• EXERCISE:
Word for word, repeat all the entries below, but without the pictures.

(Data entries)
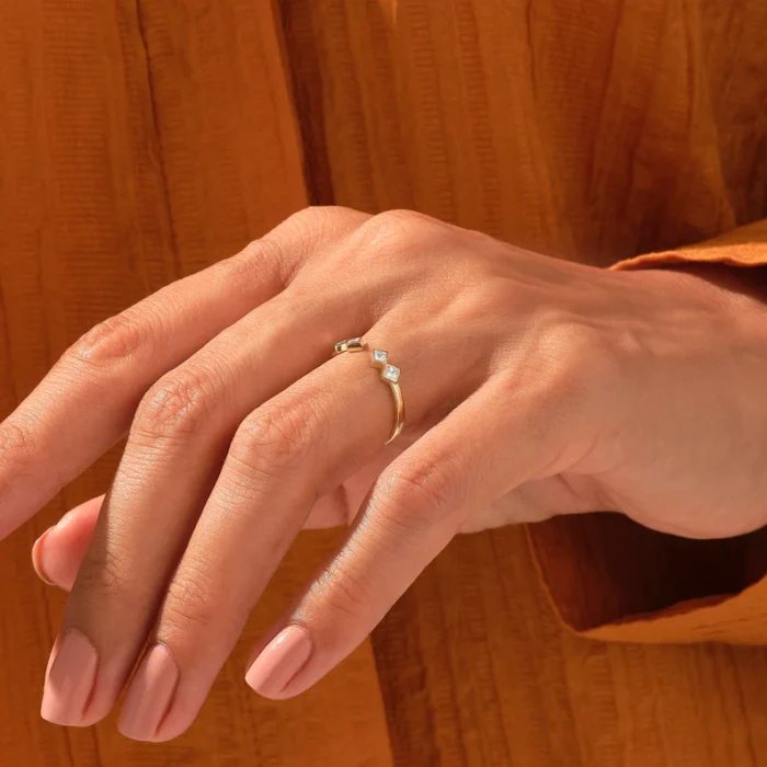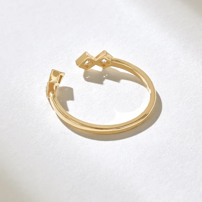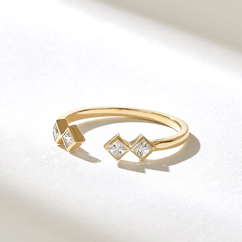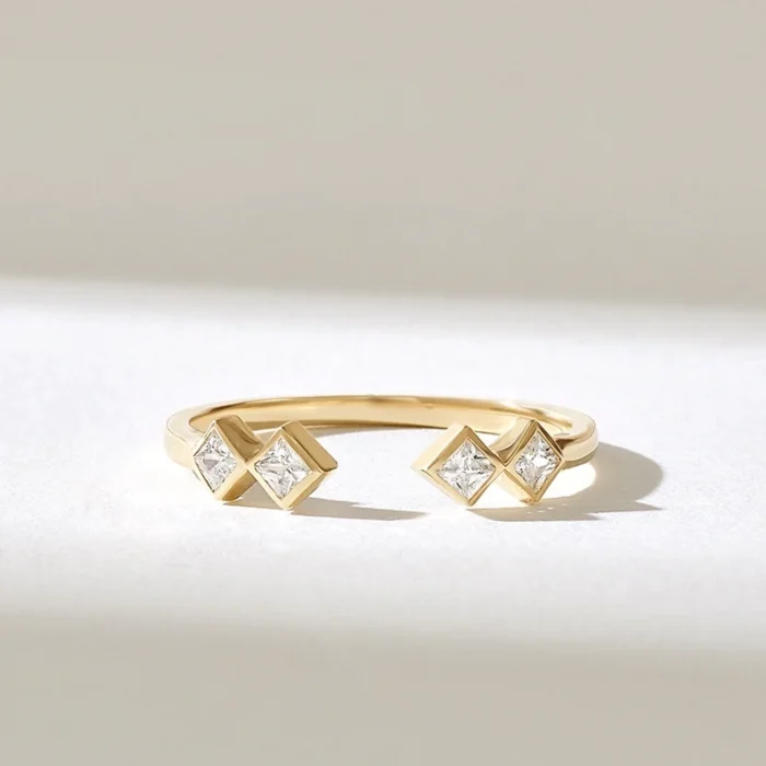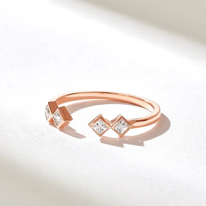 大膽的幾何形狀與精緻的優雅相結合 天然鑽石鏤空方形戒指,以現代手法演繹經典鑽石戒指,令人驚艷。 14K純金,這款開口結婚戒指具有一系列獨特的 包鑲公主方形切割天然鑽石,框框在乾淨的方形開口內,營造出時尚的建築感。 白金、玫瑰金或黃金,專為欣賞簡約主義和精緻細節的女性而設計。
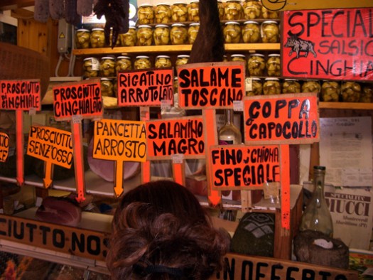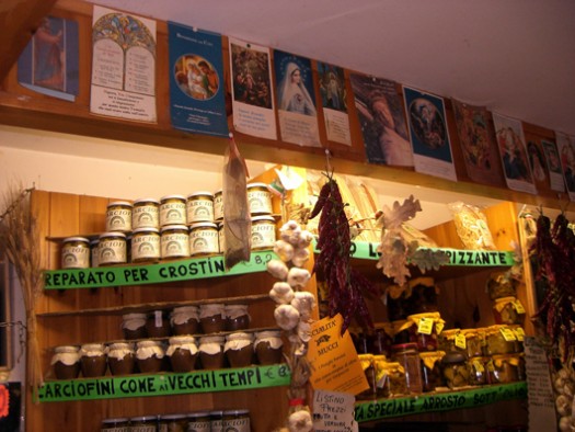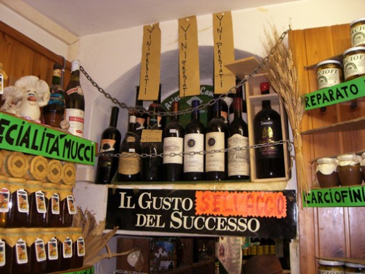 Die lustigen Brüder Mucci in Monteverdi Marittima in der Toskana betreiben ihr Geschäft vorbildlich. Auf knappen 60 Quadratmetern zeigen sie alles, was das kulinarisch interessierte Herz begehrt. Die Beiden beliefern zahlreiche Restaurants und Trattorias der Umgebung. Jeder kennt jeden, so scheint es im Laden. Es werden kleine Geschichten erzählt, beste Rabattverhandlungen geführt. Zusatzgeschäfte mit Spaß und Lust generiert. Das Büro ist einen Meter breit und 3 Meter hoch. Überall Preisschilder, Heiligenfiguren, Lebensmittel vom Feinsten. Bon appetito. Macht Appetit auf bestes Marketing mit Herz und Hirn.
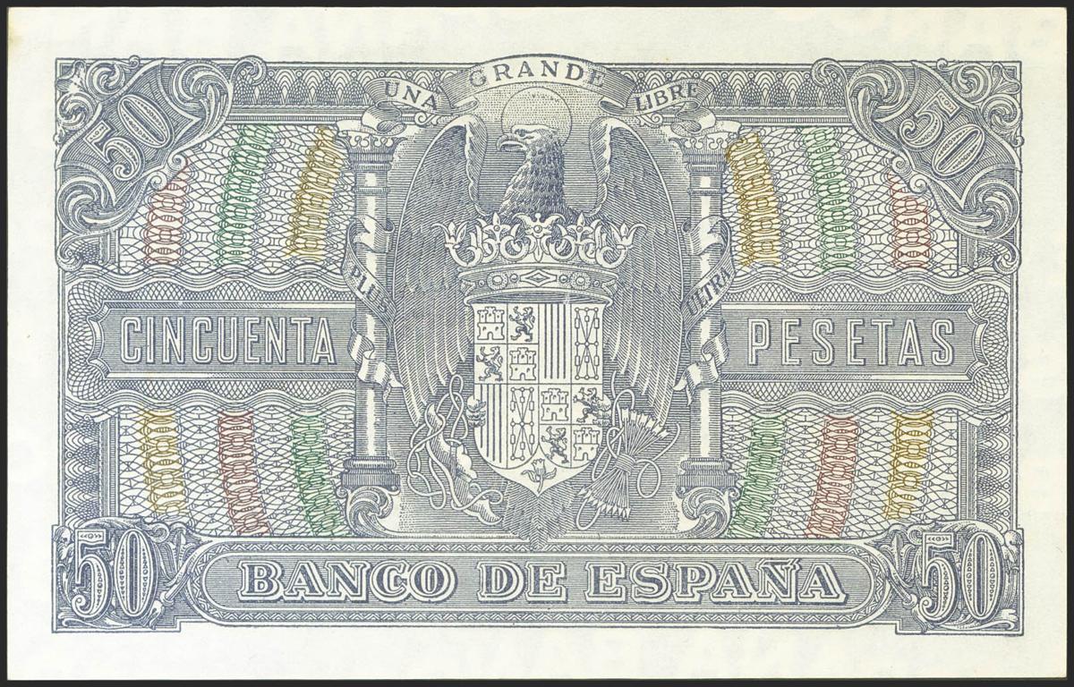 English 50 pesetas. January 9, 1940. Series D. (Edifil 2021: 437a). Very rare in this superlative quality, it retains all its original sizing. Uncirculated.
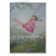 A vintage illustration by Honor C. Appleton from the 1922 children's book "The Bower Book of Simple Poems for Boys and Girls" depicting a young girl in a pink dress swinging on a tree swing. She's barefoot and her long pigtails are flying. In the background, other little girls are playing in a garden. Honor C. Appleton (1879-1951) was an English illustrator and artist who illustrated over 150 books in her career, beginning with children’s books and moving to literary classics. This card is blank inside for your own message.
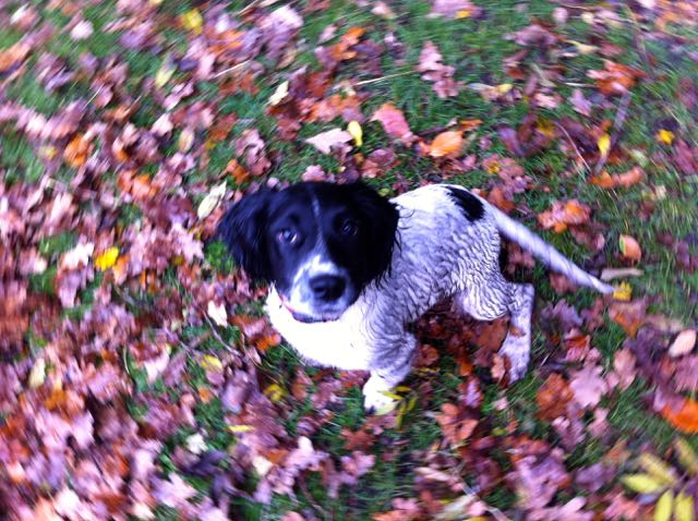 smerig hondje, Leidse Hout. hondje, Springer Spaniel puppie, zwart wit, herfstbladeren
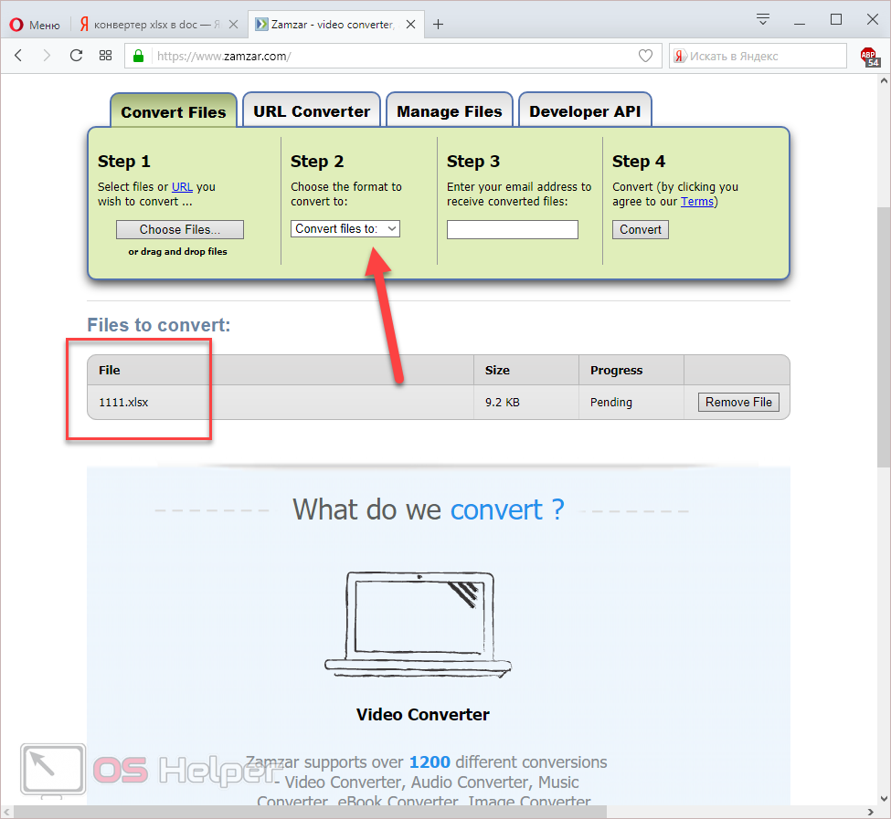 - В результате этого вы увидите свой документ в разделе «Files to convert». После этого кликните на выпадающий список во втором шаге (Step 2).

• YOUR SOLUTION:
 大膽的幾何形狀與精緻的優雅相結合 天然鑽石鏤空方形戒指,以現代手法演繹經典鑽石戒指,令人驚艷。 14K純金,這款開口結婚戒指具有一系列獨特的 包鑲公主方形切割天然鑽石,框框在乾淨的方形開口內,營造出時尚的建築感。 白金、玫瑰金或黃金,專為欣賞簡約主義和精緻細節的女性而設計。
 Die lustigen Brüder Mucci in Monteverdi Marittima in der Toskana betreiben ihr Geschäft vorbildlich. Auf knappen 60 Quadratmetern zeigen sie alles, was das kulinarisch interessierte Herz begehrt. Die Beiden beliefern zahlreiche Restaurants und Trattorias der Umgebung. Jeder kennt jeden, so scheint es im Laden. Es werden kleine Geschichten erzählt, beste Rabattverhandlungen geführt. Zusatzgeschäfte mit Spaß und Lust generiert. Das Büro ist einen Meter breit und 3 Meter hoch. Überall Preisschilder, Heiligenfiguren, Lebensmittel vom Feinsten. Bon appetito. Macht Appetit auf bestes Marketing mit Herz und Hirn.
 English 50 pesetas. January 9, 1940. Series D. (Edifil 2021: 437a). Very rare in this superlative quality, it retains all its original sizing. Uncirculated.
 A vintage illustration by Honor C. Appleton from the 1922 children's book "The Bower Book of Simple Poems for Boys and Girls" depicting a young girl in a pink dress swinging on a tree swing. She's barefoot and her long pigtails are flying. In the background, other little girls are playing in a garden. Honor C. Appleton (1879-1951) was an English illustrator and artist who illustrated over 150 books in her career, beginning with children’s books and moving to literary classics. This card is blank inside for your own message.
 smerig hondje, Leidse Hout. hondje, Springer Spaniel puppie, zwart wit, herfstbladeren
 - В результате этого вы увидите свой документ в разделе «Files to convert». После этого кликните на выпадающий список во втором шаге (Step 2).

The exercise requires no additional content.